View of Arromanches with the remnants of the only successful Mulberry Harbor in the distance.
 
 
 

Arromanches seen from the headlands above the chalk falaises behind the beaches.
 

Spare caissons to be used for repairing the Mulberry Harbor if needed.



A closer view of the Caissons on Gold Beach.




Bradley tank on static display above Gold Beach.
 
 
A FINAL THOUGHT ...
 

As a final comment about Gold Beach ... there is a fine terrace outside the museum the Gold beach landing where I was waiting for the rest of my group to exit the building following the second movie in the museum theatre.  Before they came out, a group of  French students ages 10 - 12 who were visiting the interactive museum came out onto the terrace.  After  they had all gathered there, they spontaneously broke into "La Marsaillaise" the French National Anthem.  They sang the song through to the end with a seriousness that was truly impressive.  Not only is the French Anthem every bit as challenging to sing as the Star Spangled Banner, but it has lyrics that are actually difficult to pronounce for youngsters.  They stood at attention while they sang, and it was clear that their song revealed pride in their nation and appreciation for the sacrifices of their liberators.  It was a good end to a moving visit.

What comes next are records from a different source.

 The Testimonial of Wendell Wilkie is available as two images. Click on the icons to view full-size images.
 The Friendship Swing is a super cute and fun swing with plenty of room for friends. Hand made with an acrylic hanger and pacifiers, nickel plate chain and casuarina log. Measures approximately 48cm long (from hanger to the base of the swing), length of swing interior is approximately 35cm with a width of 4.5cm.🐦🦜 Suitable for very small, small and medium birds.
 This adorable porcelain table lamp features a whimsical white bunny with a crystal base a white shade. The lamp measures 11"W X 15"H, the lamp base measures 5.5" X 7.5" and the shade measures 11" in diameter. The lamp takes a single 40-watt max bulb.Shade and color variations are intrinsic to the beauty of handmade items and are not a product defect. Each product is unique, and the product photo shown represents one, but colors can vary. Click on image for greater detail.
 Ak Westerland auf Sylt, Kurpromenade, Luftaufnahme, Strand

After our visit to Gold Beach, we travel to ETRETAT
 
Historically, Etretat, seaside city in Haut Normandie, has been a favored resort location for Parisians due to its proximity to the City of Lights, (only a two hour drive away), due to its exceptional beauty and due to its beach made up of smooth stones, its chalk cliffs, and the beautiful views from the top.  With its many hiking paths and the relative ease of the climb, tourists can wind their way to the top of the white "falaises" and take in the amazing views without feeling that they need a Sherpa guide. 

To reach Etretat, we must cross the estuary of La Seine via the "Pont de Normandie" an enormous modern bridge that takes us from the department of Basse (or lower) Normandie to its northern neighbor, Haute (or upper) Normandie, on the other side of the Seine River.  While both parts are part of the traditional Normandy, they have been separate administrative districts for many years. 
 
 
The Pont de Normandie
 
 

Etretat:
Careful examination of this photo reveals the outlines of hikers who have reached the top of the cliffs at Etretat. 


 
The beautiful and immaculate stone beach at Etretat.  There is an excellent board walk behind me.  Far from being like the Jersey shore, there are restaurants,  ice cream sellers, and fine hotels along the famous walkway. 
 
 
 
 
A view of the arch from the top.  But, we are not yet all the way at the top of the cliffs.
 

 
Calm seas with gentle breezes on the day of our visit to Etretat encouraged sailors to go for the "Blue Water", what the French call taking to "le grand large".   

 
A view of the beach on the way up to the top with the chapel on the top of the cliffs at the other end of the beach.
 
 
 
 
Whew! We have reached the top of the climb. Two much younger students who accompanied us to the top. 
 

The ramparts of the city of Etretat.